Pictures in the records below must be left out. Return exactly the lines from the line with "David Coco, a" to the line with "father gets ready", both included.

_ _ _ _ _

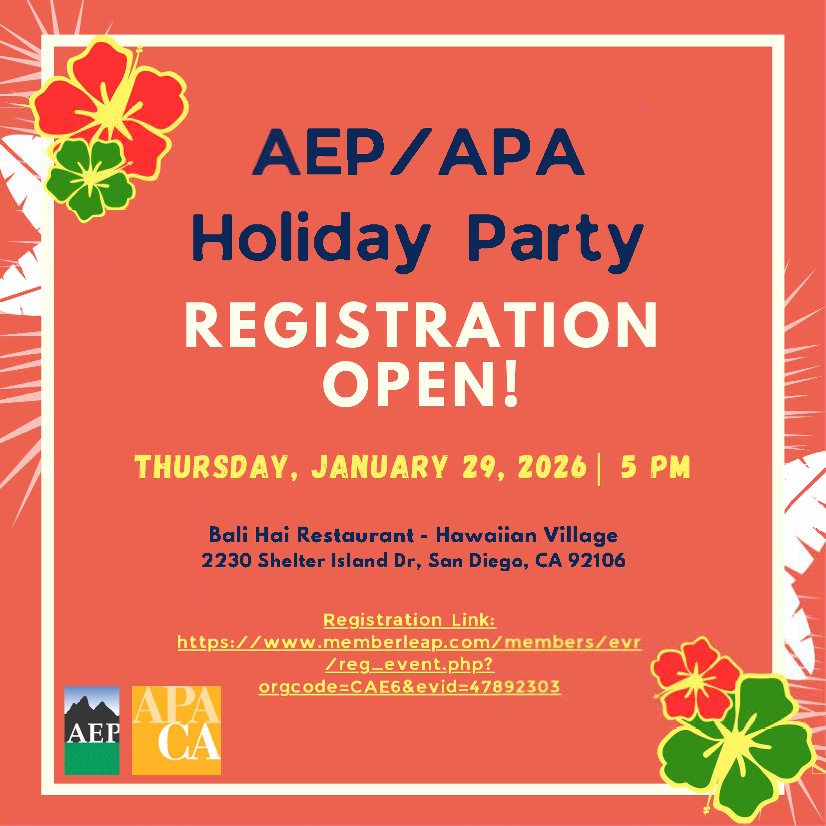 The AEP and APA San Diego Chapters are excited to announce the 2026 Holiday Party will be held at Bali Hai Restaurant on Thursday, January 29th from 5:00pm to 9:00pm.
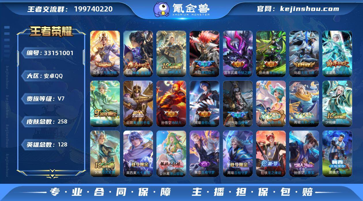 编号A00109 不可二次 v7 258皮肤 1典藏 11传说 九霄神辉 梅西 至尊宝 马超-琥珀纪元 时雨天司 神骥·逐星野 大圣娶亲 瑞麟志 霸王别姬(女) 地狱火 地狱之眼 周瑜-音你心动 黄金射手座 孙尚香-末日机甲 鸣野蒿 无双飞将 决胜骁骑 逐浪之夏 妄想食味 无心 云间偶戏 蔷薇恋人 航海奇遇记 糖果风暴 冰冠公主 街头霸王 暗夜猫娘 黄金分割率 乱世虎臣 李小龙 特工魅影 猫狗日记
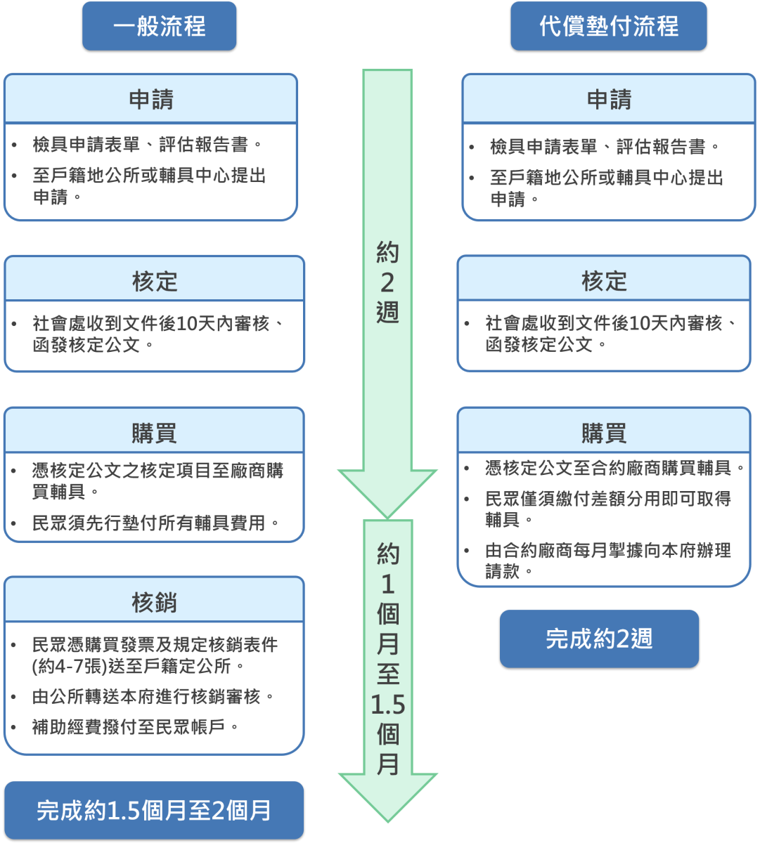 - 廠商依據核定公文向單位開立請款文件,並交付輔具予民眾。
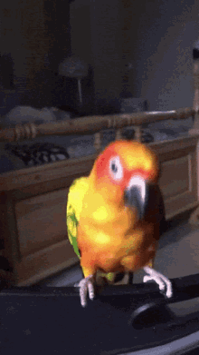 David Coco, a vibrant yellow and orange parrot, bobs its head playfully.
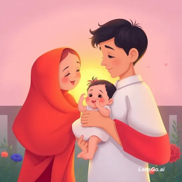 AI Image: Title: “Baby’s Love for Baba” Early in the morning, the sun slowly rises. A loving father gets ready
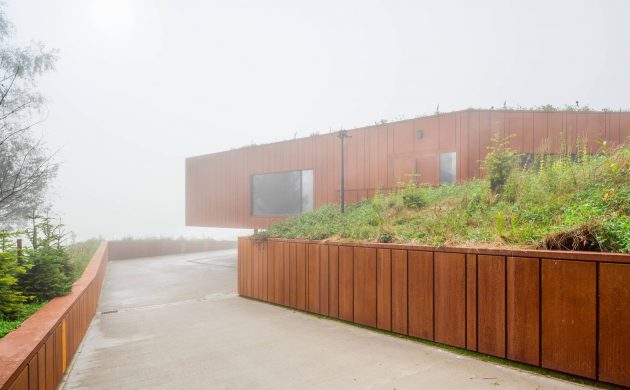 The design consists of a private zone including a study as well as recreation and relaxation amenities and a spa with several rooms forming the guest wing. The challenge consisted of inscribing the building representing so many different functionalities in the morphology of the plot of land. While the building acquired a rusty coating and a thick layer of greenery, it got lost in the landscape. The plot recovered from most of the traces of architectural intervention in a planned way, consistent with natural processes. Only the elements aimed at emphasizing the designed tectonics of the area remained visible.
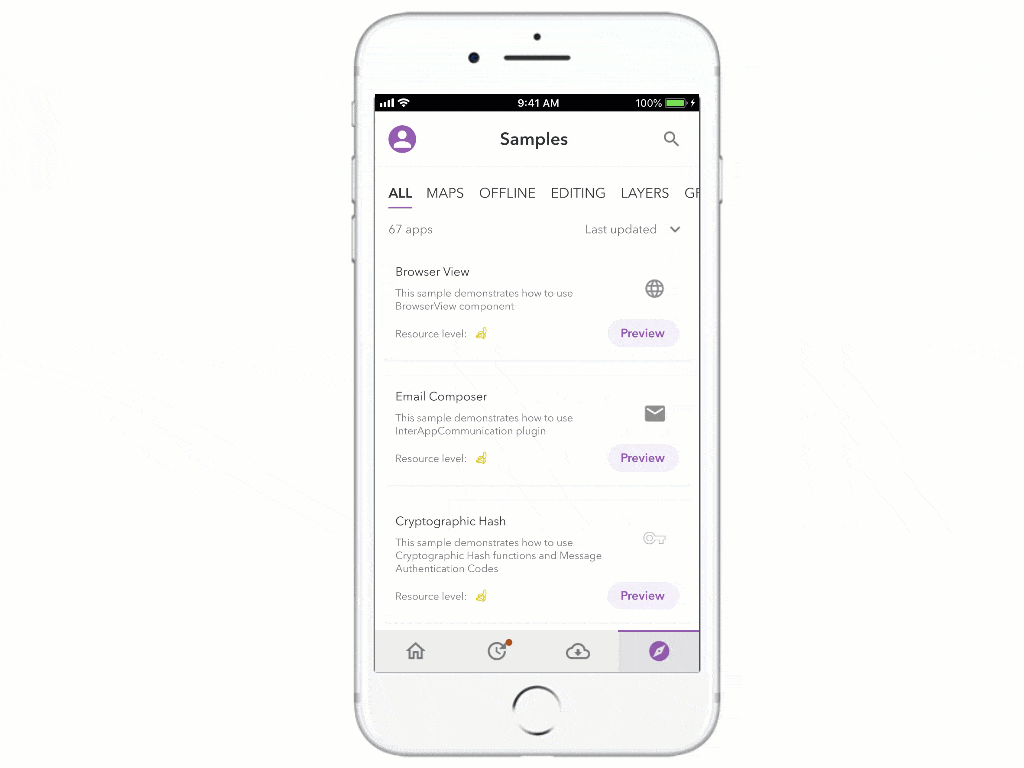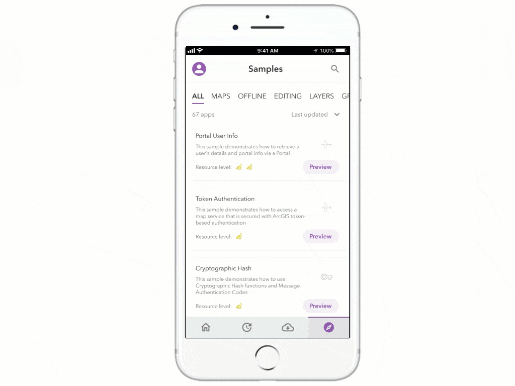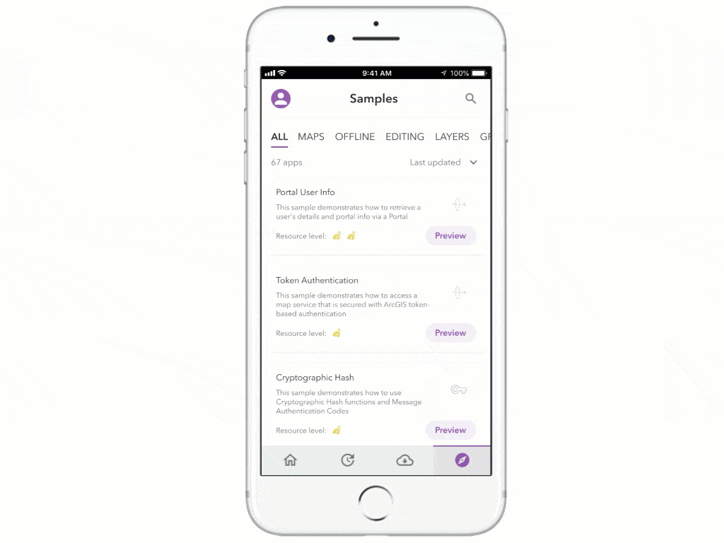 AppStudio Player 3.1 now includes a Samples page where you can download and explore more than 60 live ArcGIS Runtime and AppStudio AppFramework sample apps directly onto your mobile device. We also provide you the ability to search for samples based on their functionality.
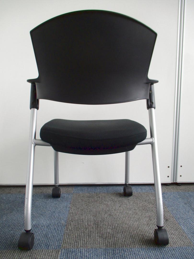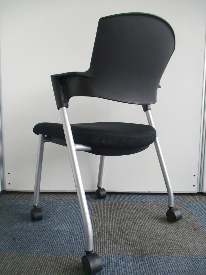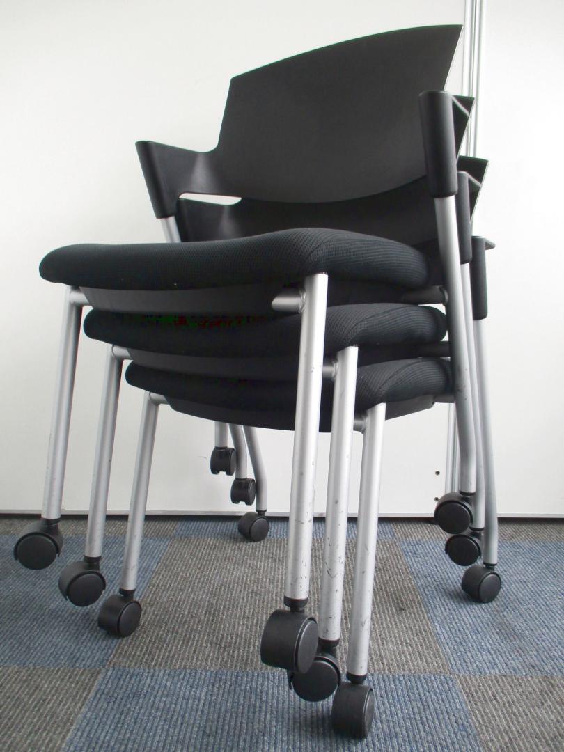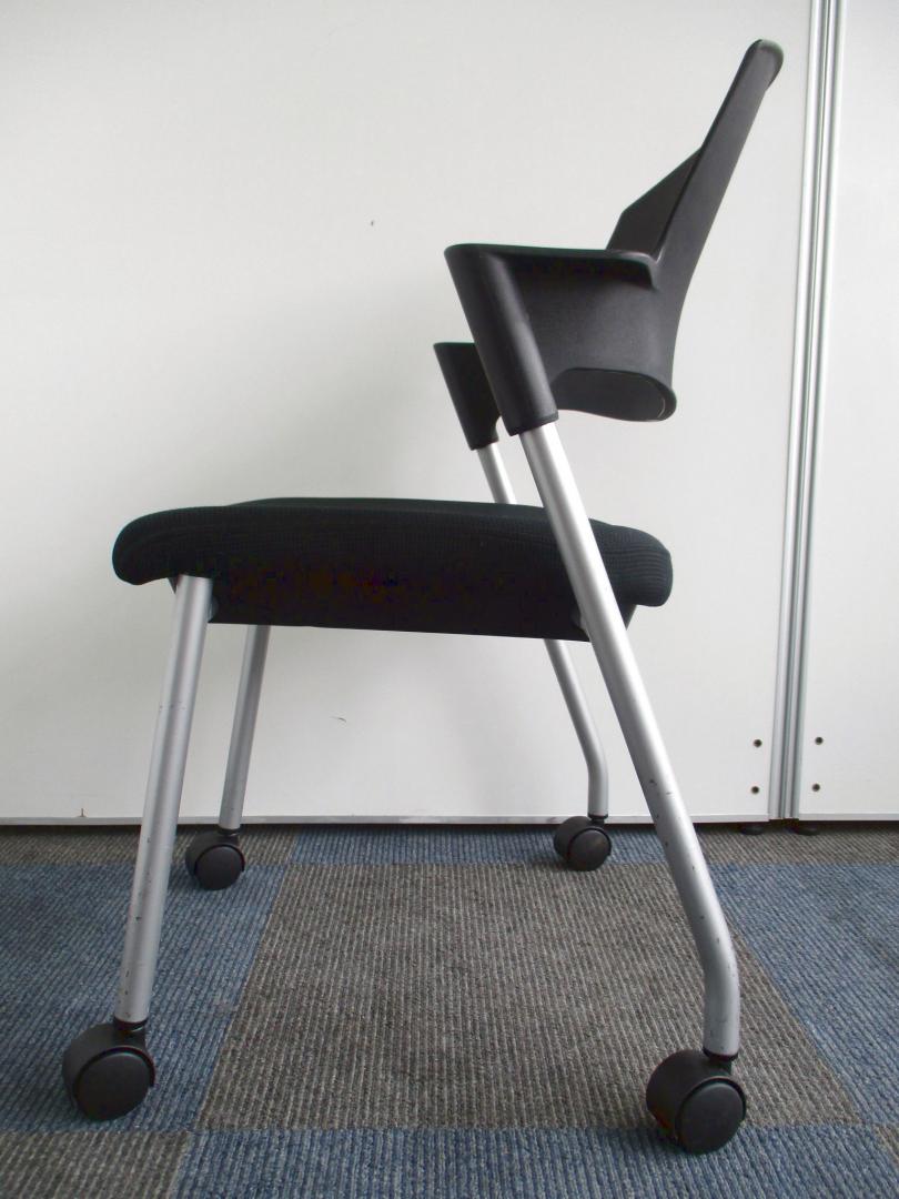 【シンプルスマートなスタッキングチェア!分厚いクッションで長時間でも快適な座り心地!】■スタッキングチェア 肘付ミーティングチェア ■固定肘 ■キャスター付 ■ブラック ■背面樹脂/コクヨ(KOKUYO/プロッティ

_ _ _ _ _

§ Answer space
 David Coco, a vibrant yellow and orange parrot, bobs its head playfully.
 AI Image: Title: “Baby’s Love for Baba” Early in the morning, the sun slowly rises. A loving father gets ready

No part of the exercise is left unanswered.